Lisp or Haskell (not a flame war) - mcandre

When embarking on a new project, I often have trouble deciding between Lisp with its flexible macros and Haskell with its robust type system goodness. Does anyone else do this (e.g. Perl vs Python)?
======
viscanti
You can do most things with either language. If you feel that both languages
are sufficient for the job, the first tie breaker would probably be library
support. What kind of support is there currently for the problem you're trying
to solve? If you're working with others, you'd be best served with using the
choice they are most comfortable with, provided it meets your basic criteria.
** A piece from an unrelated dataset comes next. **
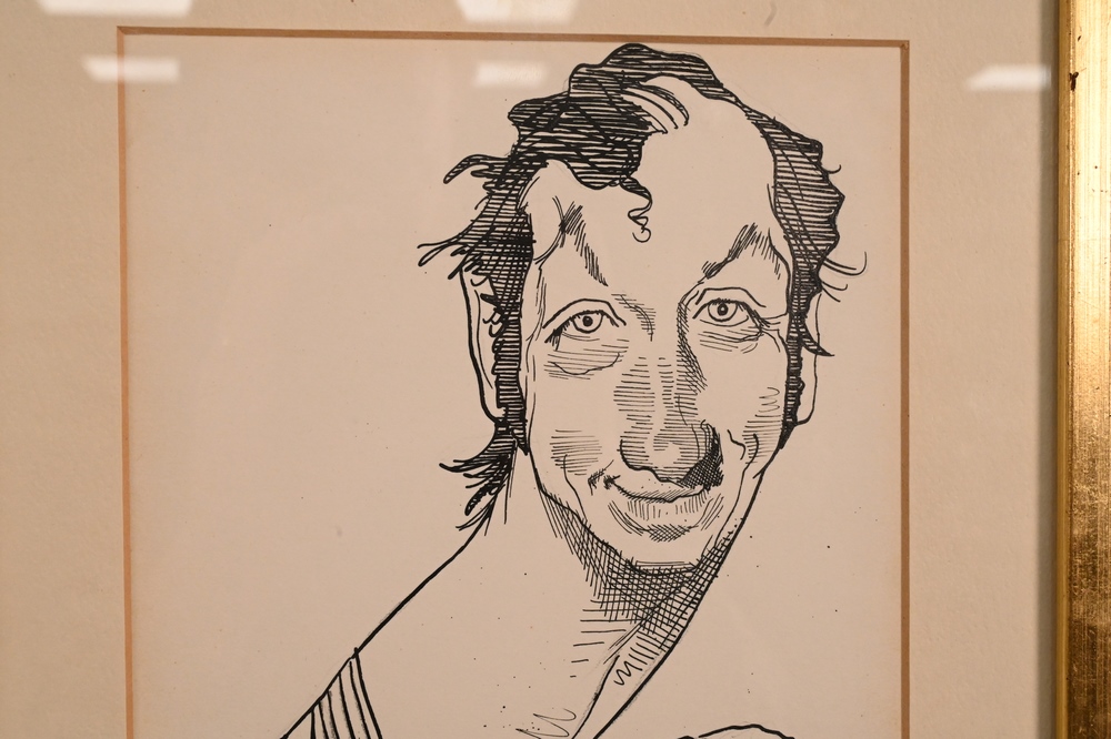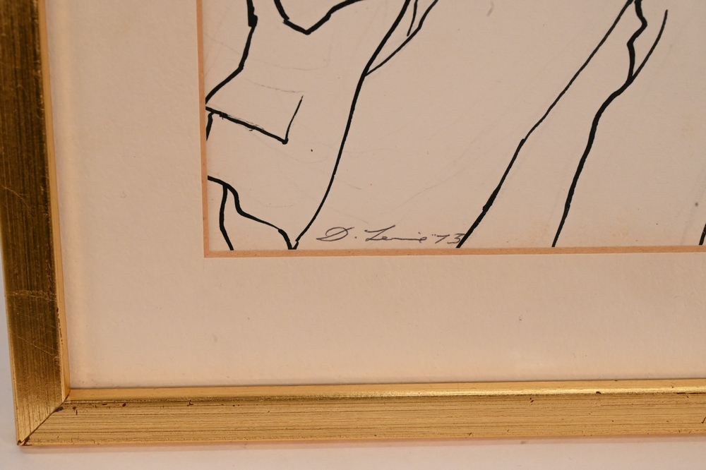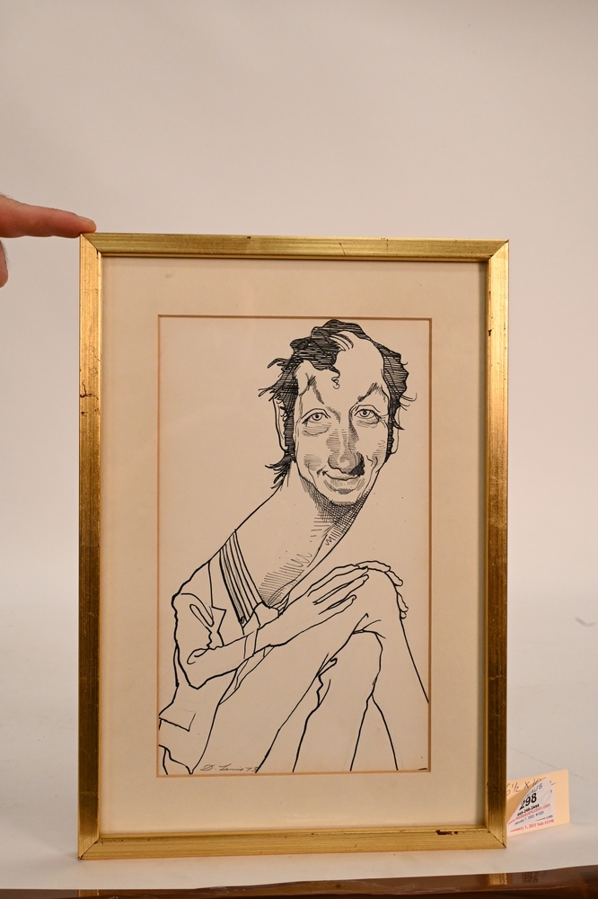 Lot 298: David Levine (1926 – 2009), Bill Bradley, pen and ink, signed D. Levine, 73, Gallery Fifty-two, New Jersey label verso, 6 1/2″ x 10…

If you're unable to make a decision, go with Haskell.

------
jamesbritt
This sounds like a trick question to get people to debate "What, really, is a
functional programming language?"

And it _is_ Shark Week. :)

The problem with your question(s) is that I don't know what your question
really is. Are you asking for the pros and cons of Haskell and Lisp? Are you
asking which is "better"? Absent any other info, we're left wondering "Better
for what?"

Are you just asking if people usually have a hard time selecting _any_
specific language for a project because there is a choice of languages that
are both appropriate but different in interesting (and possibly significant)
ways?

Anyways, absent any other details, I'm just gonna say Haskell. :)

------
coppertony
I think he's asking about, when we approach a new project, do we go through a
lot of deliberation between two or more languages/ways of implementation. Or
do we rather go with a standard or convention that we always use? It could
also be in contrast to choosing between a wide field of possible languages for
any particular project.